In questi quattordici anni ho capito molte cose. Che posso dare amore, a me stesso e a qualcun altro. Che dalla sofferenza si può sempre rinascere, anche quando sembra impossibile. E alla mente ritornano tutti i momenti trascorsi insieme: le passeggiate in Floridiana, le zuffe con gli altri cani, le cazziate a fin di bene, lo scodinzolare felice della sua coda. Gli abbordaggi alle altre ragazze in discesa serale, le coccole dopo una delusione, la voracità dei pasti, le scarpe nuove distrutte dai denti, la pacatezza di un animale che sapeva stare al suo posto e sceglieva il momento giusto per amare incondizionatamente.
Mano sinistra sul cuore, la destra per accarezzarlo ancora.
La mia paura più grande è quella di non aver dato il massimo, di non aver potuto fare altro. La mia speranza, invece, quella di aver potuto almeno ricambiare quanto splendidamente offertomi.
Le persone che non hanno un animale probabilmente non possono capire, e banalmente direi che non lo capiranno mai. Perché non si tratta di dimostrare qualcosa a sé stessi, di fare una buona azione o mettersi a posto la coscienza. Non è una questione di pietà, perbenismo, illusioni.
Si tratta semplicemente di amare. Ed io ho amato, tanto, venendo corrisposto in ogni singolo secondo di questi anni.
Trattengo a fatica le lacrime. Raccoglie le ultime forze, incrocia il mio sguardo. Per l’ultima volta.
“Sei stato un amico meraviglioso. Ti voglio bene, e sarò sempre con te. Non ti dimenticherò mai”.
Tutte le storie più belle finiscono. Persino questa. Il mio cuore si spegne.
Anche il suo.
Ora posso finalmente piangere.

Torno a casa nel silenzio più triste. Prendo a calci qualsiasi cosa: la busta delle medicine, le siringhe, i tutori, le fottute ecografie.
Nessuno fiata, perché questo è il mio dolore.
Ho timore che questa rabbia possa portarmi via da lui, trascinarmi in un feroce limbo di inconsapevolezza e rigetto.
Poi però pesco nelle tasche della felpa. C’è il suo collare. E’ rosso, il mio colore preferito.
Ripeto, non lascio nulla al caso.
Talmente arrabbiato e infuriato, nonostante le promesse stavo smarrendo il pensiero maggiormente importante: nessuno svanisce per sempre se puoi farlo sopravvivere dentro di te.
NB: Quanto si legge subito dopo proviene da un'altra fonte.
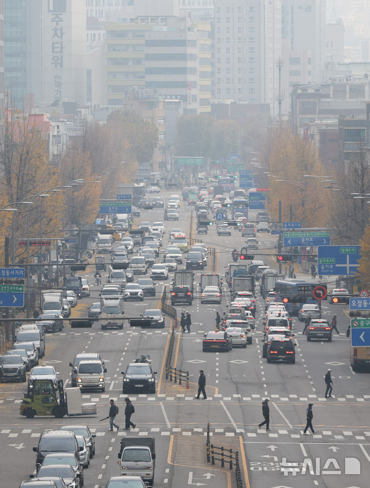 [서울=뉴시스] 황준선 기자 = 서울의 미세먼지와 초미세먼지 농도가 '나쁨' 수준을 보인 25일 서울 중구 동호로에서 바라본 도심이 뿌옇게 흐리다. 2025.11.25. [email protected]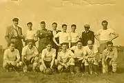 (*) on reconnaitra sur la photo de g. à d., au 1er rang : X, Paul BELIN, X, Jules DELEMER, ? LEMAIRE (de Fretin), Charles PLANQUE, Richard SION, au 2e rang : Édouard DUPONT, X, Maurice SION, Rémi SION, X, Francis DEFRETIN, Marcel DEMOUVEAUX, X.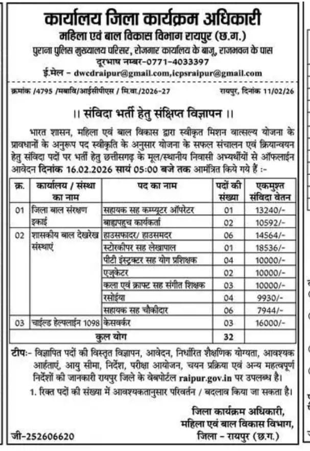 कार्यालय जिला कार्यक्रम अधिकारी, महिला एवं बाल विकास विभाग, रायपुर (छत्तीसगढ़) द्वारा भारत शासन की स्वीकृत मिशन वात्सल्य योजना के अंतर्गत विभिन्न संविदा पदों पर भर्ती हेतु संक्षिप्त विज्ञापन जारी किया गया है। योजना के सफल संचालन एवं क्रियान्वयन के लिए छत्तीसगढ़ के मूल/स्थानीय निवासी अभ्यर्थियों से ऑफलाइन आवेदन आमंत्रित किए गए हैं। आवेदन जमा करने की अंतिम तिथि 16 फरवरी 2026 सायं 05:00 बजे तक निर्धारित की गई है।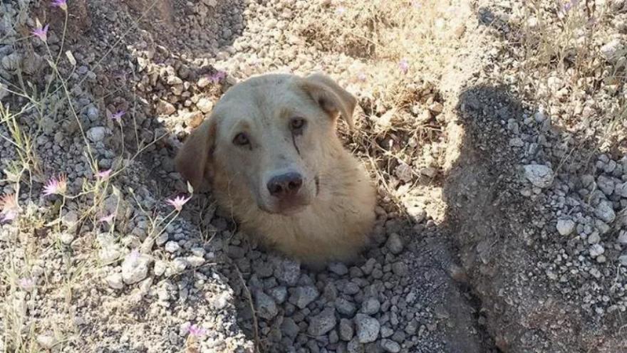Μόλις ο πρώτος σκύλος ανασύρθηκε με ασφάλεια, οι κτηνίατροι άρχισαν να σκάβουν με γυμνά χέρια για να σώσουν όλα τα μωρά.

Non so se ci sarà un altro cane nella mia casa, o se sarà in grado di mettermi in gioco nuovamente.
So bene, invece, ciò che ho vissuto. Ne riconosco l’incalcolabile valore, e se potessi tornare indietro rifarei ogni singola scelta. A partire da quello sguardo d’intesa che ha fatto sbocciare ogni cosa.
Inevitabilmente al mio Sirio posso dire grazie. Per un’adolescenza ilare, una crescita costante. Per le piccole gioie, per aver condiviso, sofferto, scherzato. Per aver reagito, combattuto, vinto. Per aver fatto tutto questo, sul serio, insieme.
Grazie Sirio, sarai per sempre il mio migliore amico.